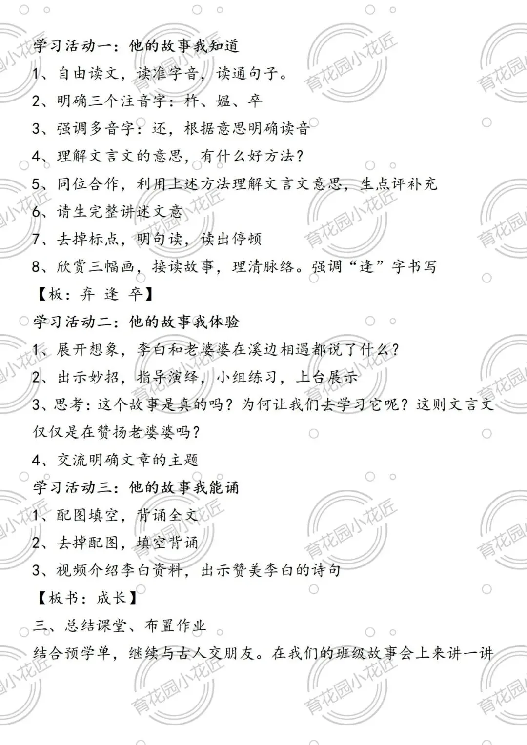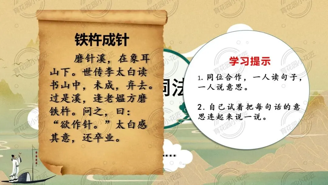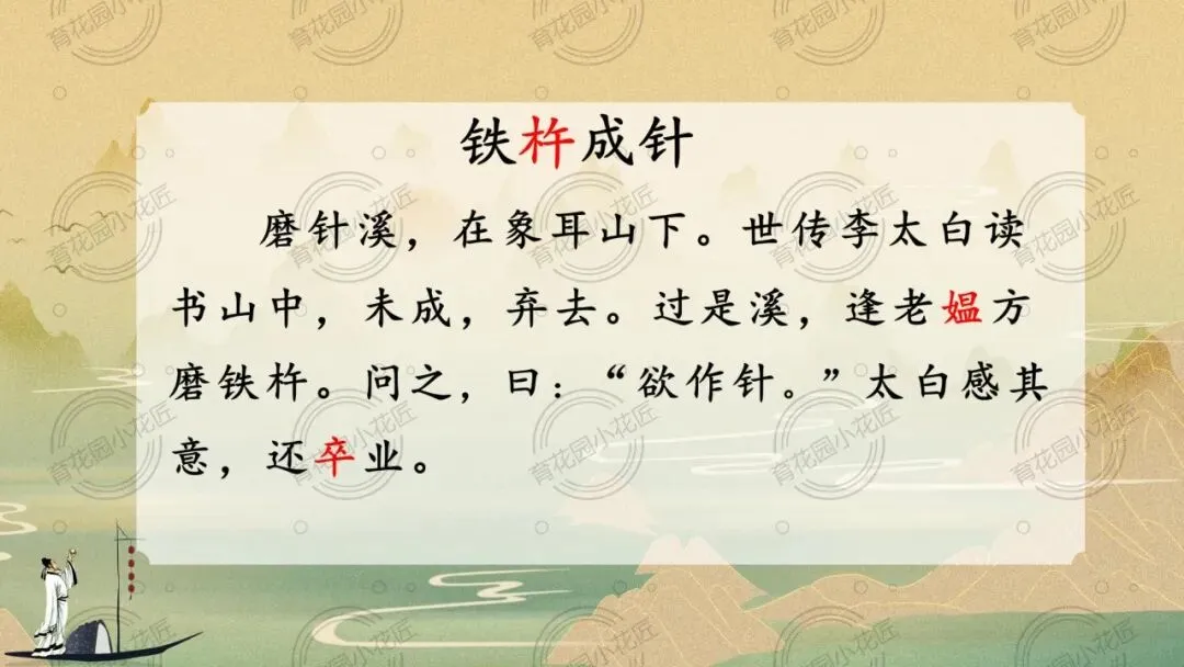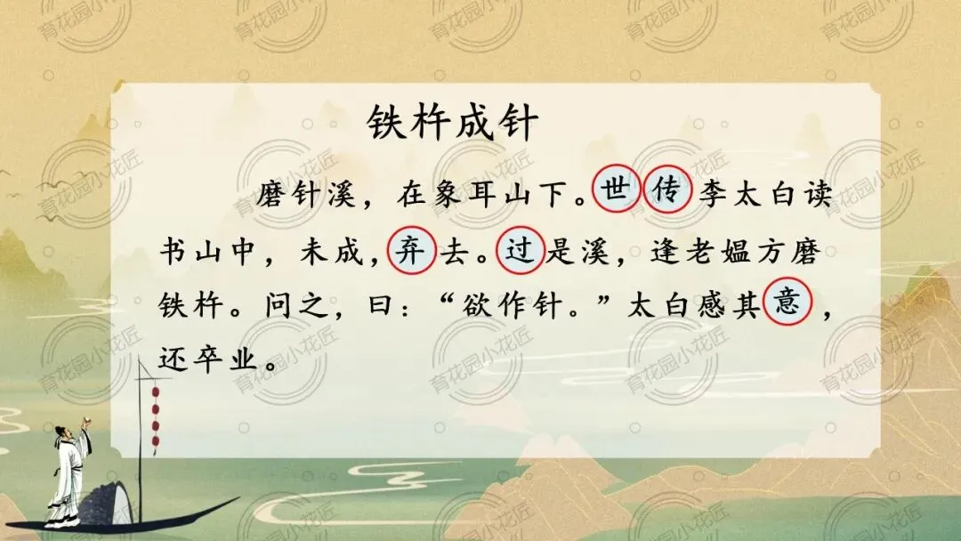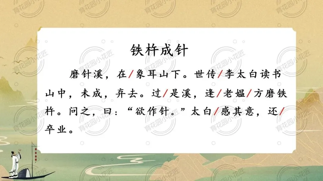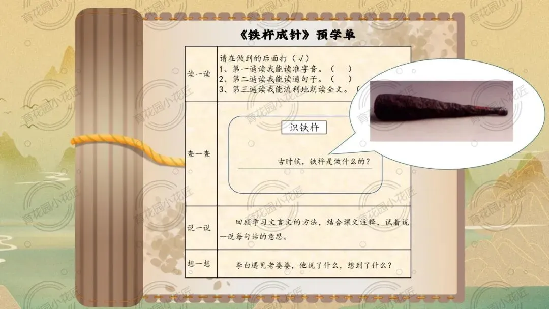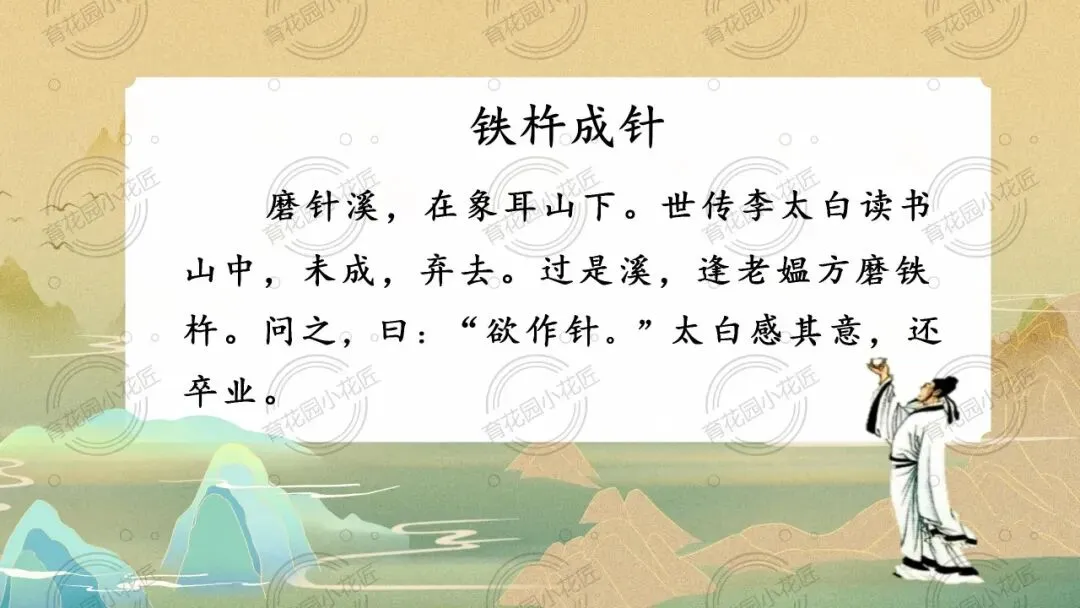 课堂充分凸显学生主体地位,以同位合作、情景演绎、思辨讨论等多元形式,引导学生从文本走向精神内核。同时以李白成长为脉络,将文言学习与文化传承深度融合,既让学生读懂“铁杵成针” 的坚守,更实现了传统文化浸润,为小学中段文言文教学提供了极佳范本。
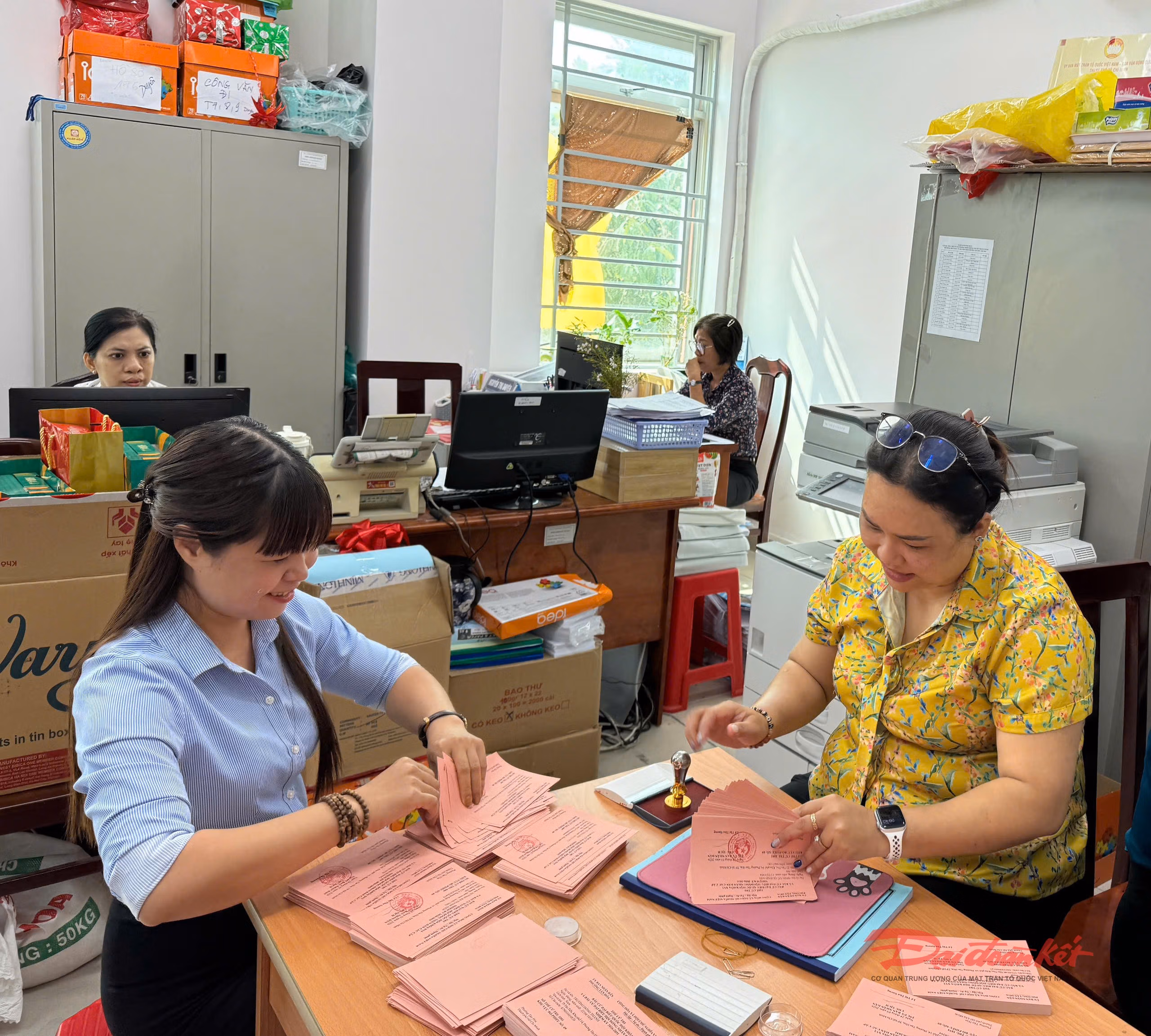 Tại trụ sở UBND phường, các cán bộ, công chức, đoàn viên và lực lượng dân quân thường trực đã cùng nhau kiểm tra kỹ lưỡng từng tập phiếu bầu, đảm bảo đúng số lượng, đúng quy định trước khi phân bổ đến các khu vực bỏ phiếu.
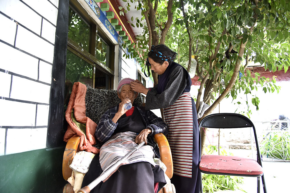 圖為次仁宗巴在照看母親索朗卓瑪喝水 攝影:王媛媛
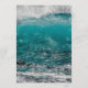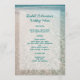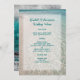 Modelo de cardápio de praia. Areia tropical e fundo marinho com duas modelos de texto em azul-marinho. O título com os nomes do casal está em um script maior. A comida servida, desde aperitivos e bebidas, até ao bolo de casamento e ao bar doce, é apresentada sob a forma de parágrafo. Outra imagem da água do oceano cobrir a parte de trás deste papel de 5 x 7 polegadas. O design é perfeito para qualquer recepção de casamento pelo mar.
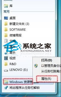 在资源管理器快捷方式上选择右键-属性
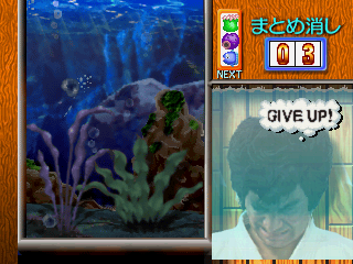 A simple Columns-esque match-three puzzle game. Pulling off combos keeps Sanshiro from drowning, and eliminating 15 fish with a single move unlocks the Deep Fear commercial.
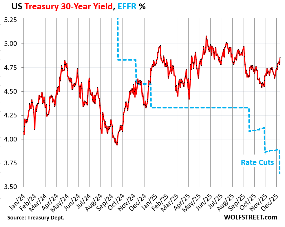 By Thursday evening, in the secondary market, the 30-year Treasury yield was back at 4.80%, and by this morning it rose to 4.86%, the highest since September 4. It’s almost funny how the 30-year yield blows off the Fed’s rate cuts. It’s all about inflation fears and supply fears:
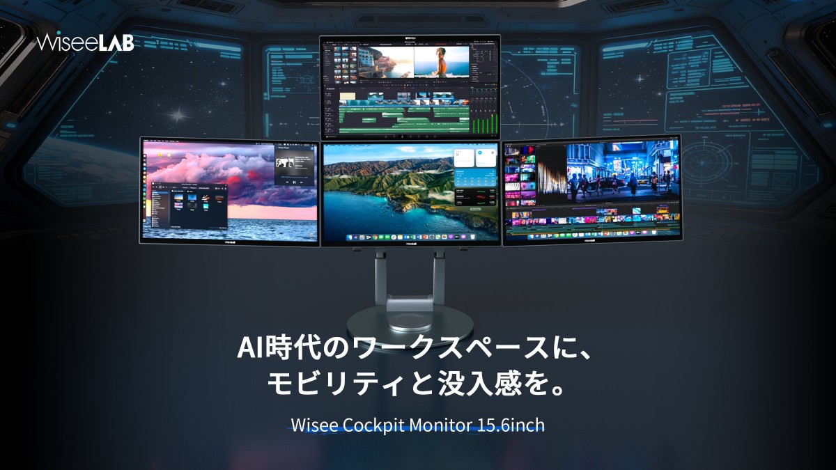 Wisee Cockpit Monitorは、「モビリティと没入感を両立した未来型作業スペース」というコンセプトのもと、生成AI時代の新しい作業環境を提案するために開発。この製品は、特許技術を10件以上搭載しており、従来のマルチモニターの常識を変える5つの特長があります。
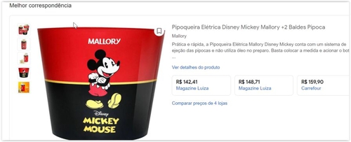 Pipoqueira Elétrica Disney Mickey Mallory + 2 Baldes Pipoca | R$ 80
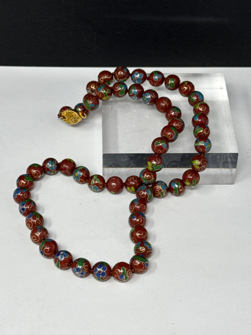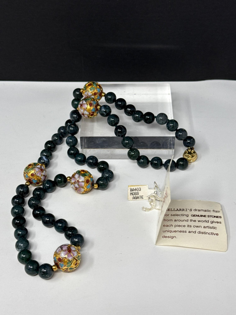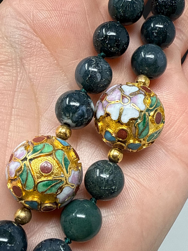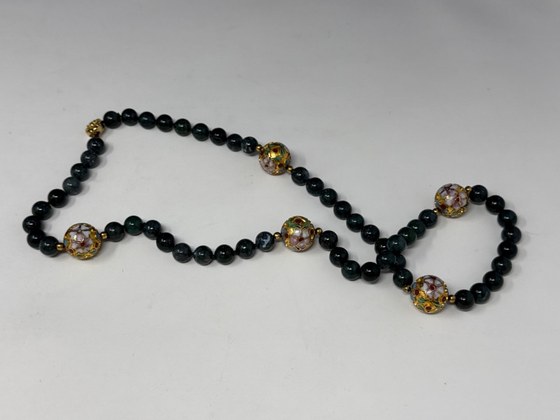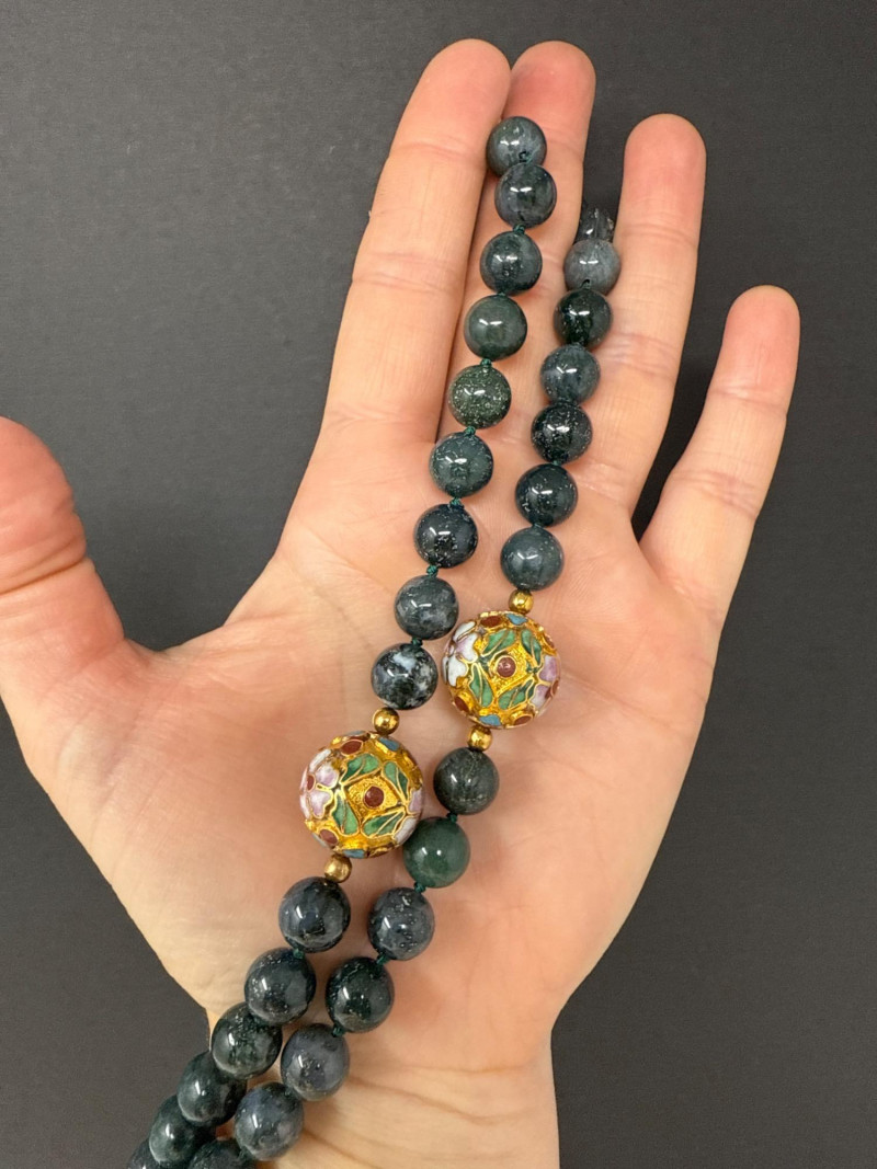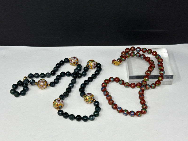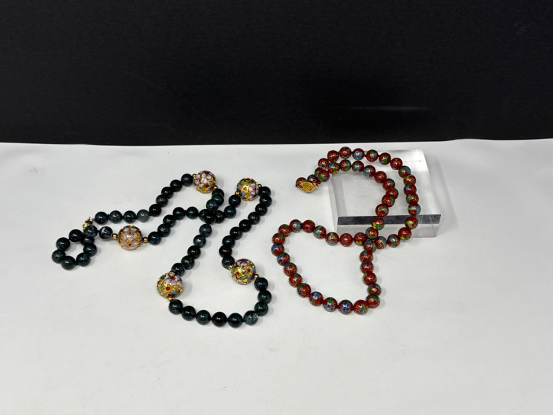 Lot # 20 - Moss Agate & Cloisonné Necklace Duo
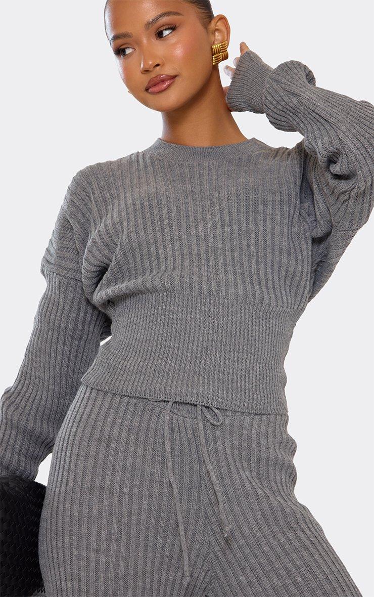 Bardot Fold Over Fitted Cropped Jumper In Grey Rib Knit.
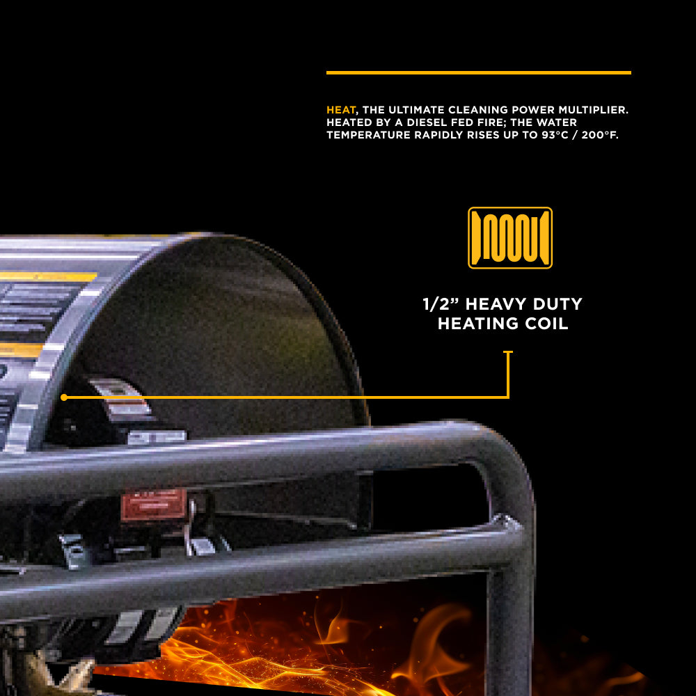 Not all pressure washers are built the same—and when you're working with grease, oil, or baked-on residue, cold water just won’t cut it. That’s where the HW4024HA12V shines. The 12V Beckett burner powers a robust heating coil fueled by diesel, giving you water temperatures of up to 200°F (93°C). This scalding heat breaks down contaminants fast, reduces chemical use, and speeds up your workflow.
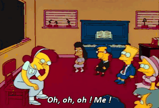 - Oh, oh, oh ! Me ! - Bart ? What about a robot with a human brain ? I don't know ! All these questions ! Is a little blind faith too much to ask ?
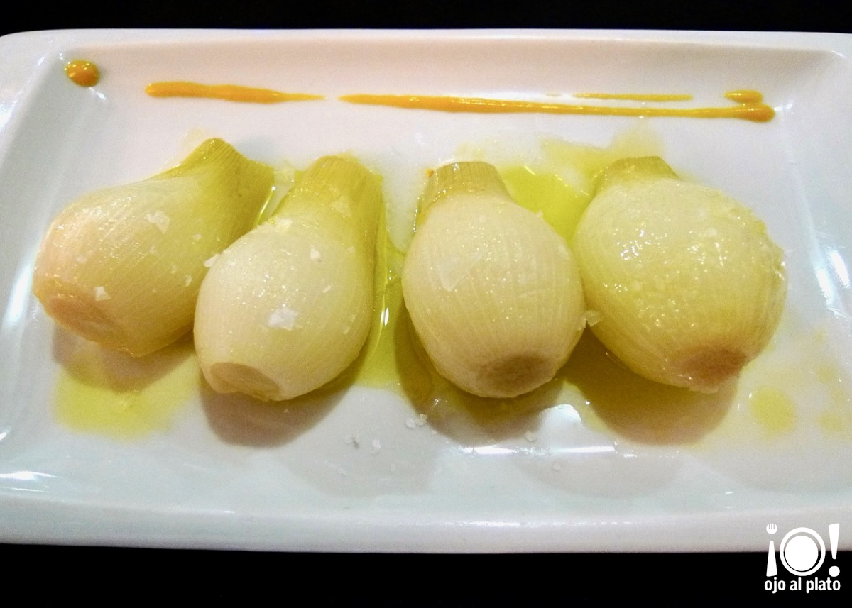 Como escuché en otra mesa que pedían unas cebollas estofadas, que no vi en la carta, aunque sí estaban, pregunté si la ración era muy grande para añadirlas a mi comanda inicial, me ofrecieron poner media ración y empecé con ellas la comida. Estaban exquisitas, bien guisadas, blanditas y jugosas, en un punto perfecto. Me encantaron.

What to produce:
The copy should hold, exactly, the lines from the one containing "- Oh, oh, oh" to the final line of the listing above, with both ends present and no pictures.

Final answer:
 - Oh, oh, oh ! Me ! - Bart ? What about a robot with a human brain ? I don't know ! All these questions ! Is a little blind faith too much to ask ?
 Como escuché en otra mesa que pedían unas cebollas estofadas, que no vi en la carta, aunque sí estaban, pregunté si la ración era muy grande para añadirlas a mi comanda inicial, me ofrecieron poner media ración y empecé con ellas la comida. Estaban exquisitas, bien guisadas, blanditas y jugosas, en un punto perfecto. Me encantaron.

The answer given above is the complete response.